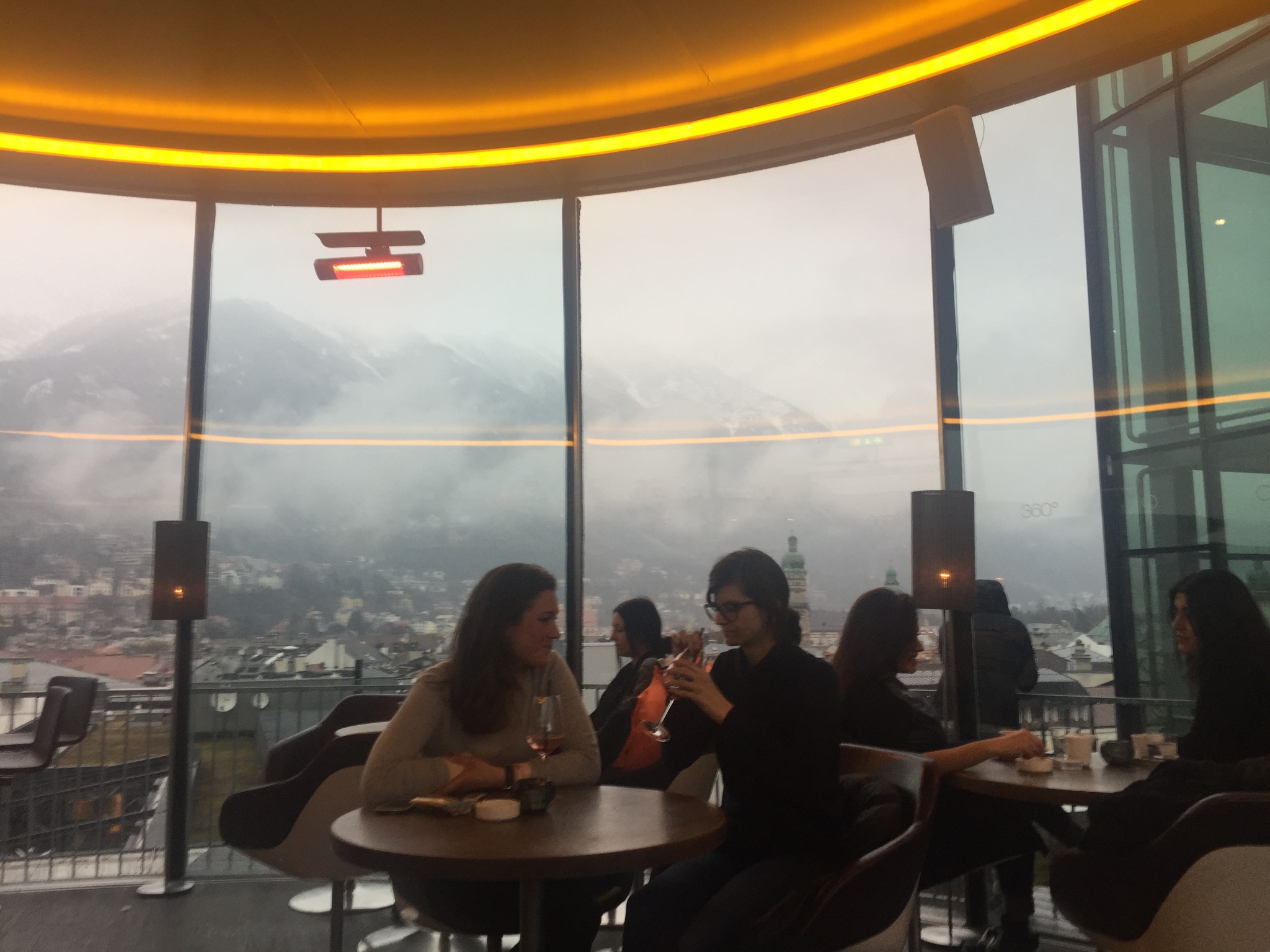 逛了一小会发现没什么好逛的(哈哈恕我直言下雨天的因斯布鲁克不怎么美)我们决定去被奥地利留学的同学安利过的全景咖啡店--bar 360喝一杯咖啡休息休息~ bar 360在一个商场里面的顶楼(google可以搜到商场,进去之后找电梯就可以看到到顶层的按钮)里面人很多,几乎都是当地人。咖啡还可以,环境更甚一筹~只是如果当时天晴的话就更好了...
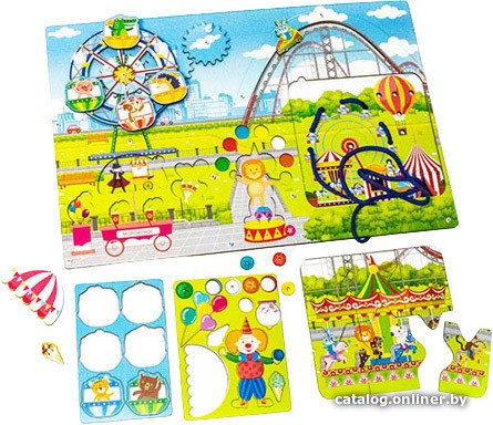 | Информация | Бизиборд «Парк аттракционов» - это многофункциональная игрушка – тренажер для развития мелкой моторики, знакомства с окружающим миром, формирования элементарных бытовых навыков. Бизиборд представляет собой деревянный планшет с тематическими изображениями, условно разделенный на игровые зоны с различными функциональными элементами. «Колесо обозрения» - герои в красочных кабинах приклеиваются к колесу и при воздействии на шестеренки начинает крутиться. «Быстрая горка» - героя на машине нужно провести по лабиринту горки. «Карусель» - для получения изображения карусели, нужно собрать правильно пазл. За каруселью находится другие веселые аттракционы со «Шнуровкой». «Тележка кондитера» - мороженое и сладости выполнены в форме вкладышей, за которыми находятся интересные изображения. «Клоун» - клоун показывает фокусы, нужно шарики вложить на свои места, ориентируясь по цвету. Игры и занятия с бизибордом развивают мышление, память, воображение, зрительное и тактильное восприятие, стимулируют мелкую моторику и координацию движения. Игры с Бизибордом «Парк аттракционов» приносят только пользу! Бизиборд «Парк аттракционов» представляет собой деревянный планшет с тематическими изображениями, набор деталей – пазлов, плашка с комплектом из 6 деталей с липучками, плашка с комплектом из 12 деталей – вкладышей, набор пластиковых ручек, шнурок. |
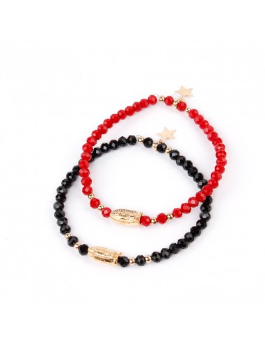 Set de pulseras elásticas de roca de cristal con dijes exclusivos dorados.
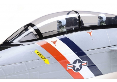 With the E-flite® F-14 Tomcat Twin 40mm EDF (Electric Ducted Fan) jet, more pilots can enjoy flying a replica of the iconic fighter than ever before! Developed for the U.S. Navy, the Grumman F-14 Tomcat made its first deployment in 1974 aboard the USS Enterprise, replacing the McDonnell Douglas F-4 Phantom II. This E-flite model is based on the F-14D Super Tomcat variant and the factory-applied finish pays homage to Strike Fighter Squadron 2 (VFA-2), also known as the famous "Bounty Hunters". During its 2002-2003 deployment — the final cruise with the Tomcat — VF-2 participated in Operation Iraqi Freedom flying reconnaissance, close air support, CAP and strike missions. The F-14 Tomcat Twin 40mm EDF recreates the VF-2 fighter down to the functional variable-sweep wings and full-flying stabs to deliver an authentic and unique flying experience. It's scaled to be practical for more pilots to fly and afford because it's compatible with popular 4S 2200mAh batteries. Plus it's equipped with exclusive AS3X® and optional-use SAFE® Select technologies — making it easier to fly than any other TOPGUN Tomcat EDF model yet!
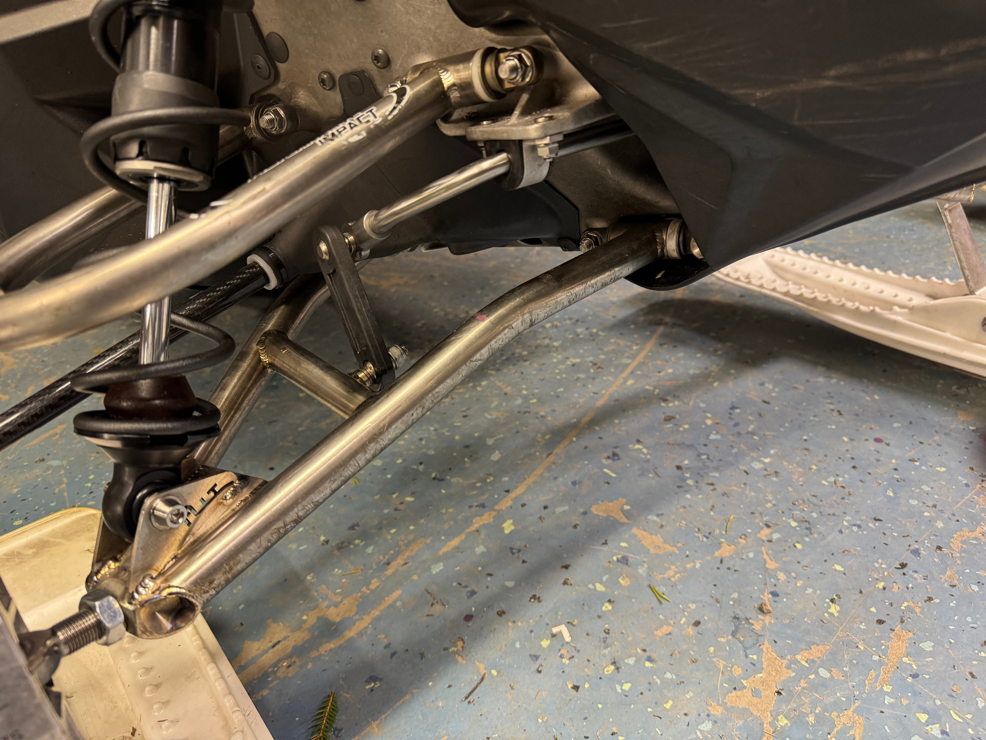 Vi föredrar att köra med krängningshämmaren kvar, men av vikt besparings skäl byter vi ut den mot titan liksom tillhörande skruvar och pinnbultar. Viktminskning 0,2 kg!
▬▬▬▬▬▬
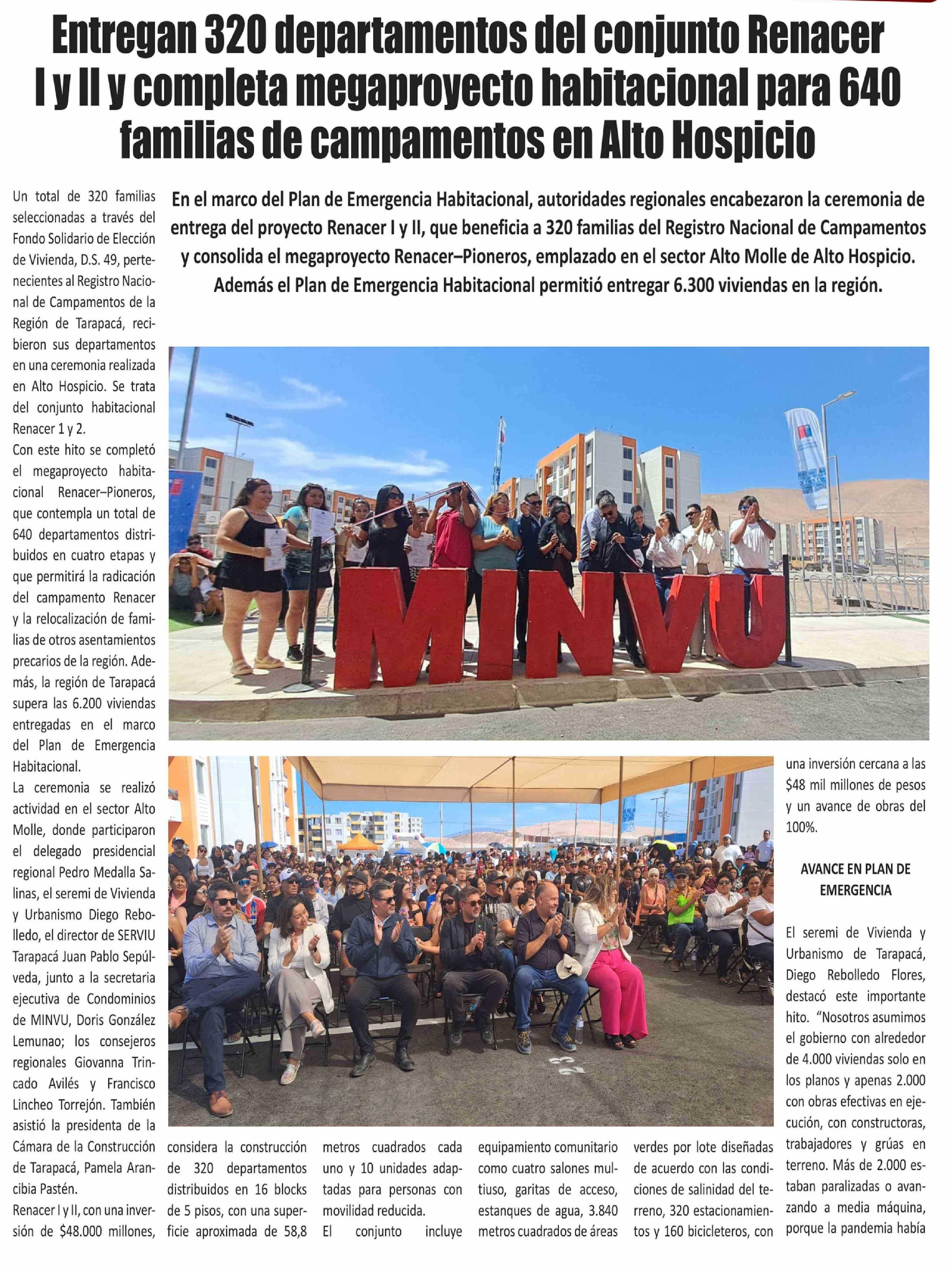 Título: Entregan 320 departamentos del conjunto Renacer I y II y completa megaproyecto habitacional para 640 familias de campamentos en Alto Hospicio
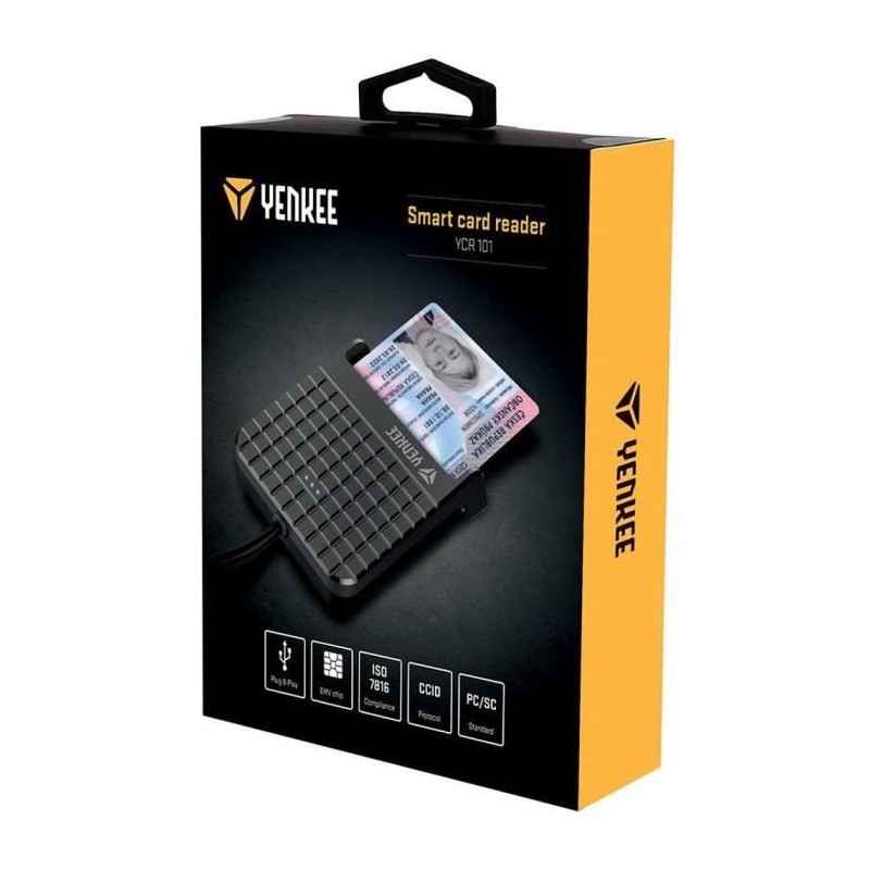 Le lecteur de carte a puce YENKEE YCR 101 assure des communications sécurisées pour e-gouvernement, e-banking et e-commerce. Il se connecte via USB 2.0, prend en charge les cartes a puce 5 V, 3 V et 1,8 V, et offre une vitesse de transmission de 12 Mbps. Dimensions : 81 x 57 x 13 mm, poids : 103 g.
▬▬▬▬▬▬
◆ ASSIGNMENT ◆
Above are entries with pictures among them. Write out exactly the lines from the one containing "With the E-flite®" through the one containing "Vi föredrar att", ends included, and leave those pictures out.

◆ REPLY TO THE EXERCISE ◆
 With the E-flite® F-14 Tomcat Twin 40mm EDF (Electric Ducted Fan) jet, more pilots can enjoy flying a replica of the iconic fighter than ever before! Developed for the U.S. Navy, the Grumman F-14 Tomcat made its first deployment in 1974 aboard the USS Enterprise, replacing the McDonnell Douglas F-4 Phantom II. This E-flite model is based on the F-14D Super Tomcat variant and the factory-applied finish pays homage to Strike Fighter Squadron 2 (VFA-2), also known as the famous "Bounty Hunters". During its 2002-2003 deployment — the final cruise with the Tomcat — VF-2 participated in Operation Iraqi Freedom flying reconnaissance, close air support, CAP and strike missions. The F-14 Tomcat Twin 40mm EDF recreates the VF-2 fighter down to the functional variable-sweep wings and full-flying stabs to deliver an authentic and unique flying experience. It's scaled to be practical for more pilots to fly and afford because it's compatible with popular 4S 2200mAh batteries. Plus it's equipped with exclusive AS3X® and optional-use SAFE® Select technologies — making it easier to fly than any other TOPGUN Tomcat EDF model yet!
 Vi föredrar att köra med krängningshämmaren kvar, men av vikt besparings skäl byter vi ut den mot titan liksom tillhörande skruvar och pinnbultar. Viktminskning 0,2 kg!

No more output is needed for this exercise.